(296a) Characterization of Internal Structure in Composite Latex Dispersions Using Contrast Variation Neutron Scattering

The characterization of phase segregation in composite nanoparticles is of fundamental interest for a number of applications. Our group is developing aqueous dispersions of conjugated polymer/fullerene nanoparticles for organic solar cell applications made from poly(3-hexlythiophene) (P3HT) and [6,6] phenyl-C₆₁-butyric acid methyl ester (PCBM). Composite nanoparticles (CNPs) that incorporate these materials can have complex internal structures depending on how the particles are prepared and on their composition. Due to insufficient contrast, electron microscopy provides little information about their internal phase segregation, which is critical to understanding how such dispersions will perform in devices. Structural information of CNPs can also be obtained from contrast variation Small Angle Neutron Scattering (SANS) measurements. By varying the H₂O/D₂O content in the aqueous phase of these dispersions, scattering profiles are obtained as a function of bulk phase contrast.

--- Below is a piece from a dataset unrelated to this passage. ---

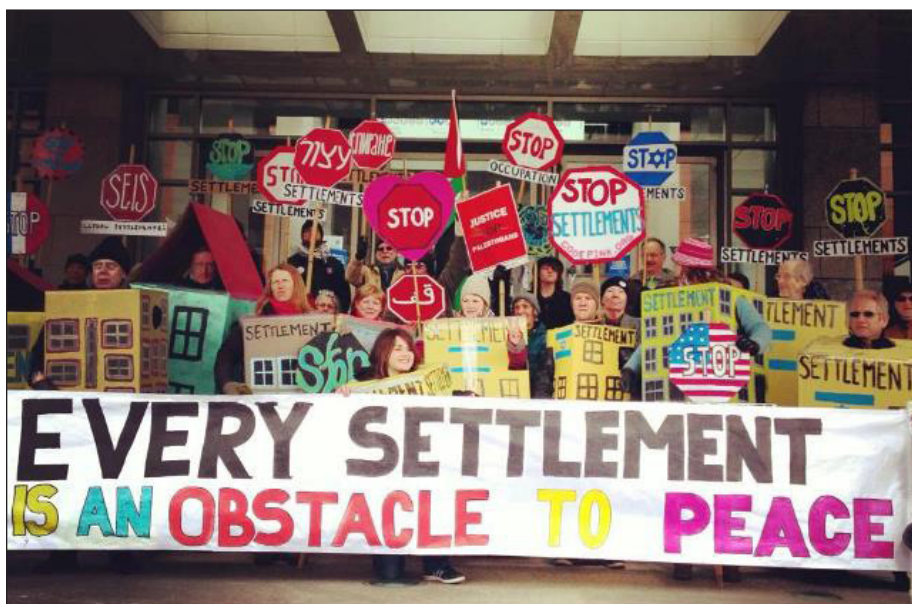
Photo of activists outside AIPAC conference

Pax Christi International will therefore support new initiatives by international civil society towards the end of Israel’s settlements policy and the active ban of Israeli settlement products. §

These profiles are then fit using the Guinier approximation to obtain the radius of gyration of the dispersions as a function of contrast with the bulk solvent. For nanoparticles composed of two or more components, this functional dependence was first described by Stuhrmann.¹The application of the Stuhrmann analysis yields valuable information about the eccentricity, distribution and overall size of inhomogeneities internal to these composite nanoparticles. This approach proves to be a robust method to describe the internal structures of composite nanoparticles.

1.Stuhrmann, H. B. et al. Shape of the 50S subunit of Escherichia coli ribosomes. Proceedings of the National Academy of Sciences of the United States of America 74, 2316–20 (1977).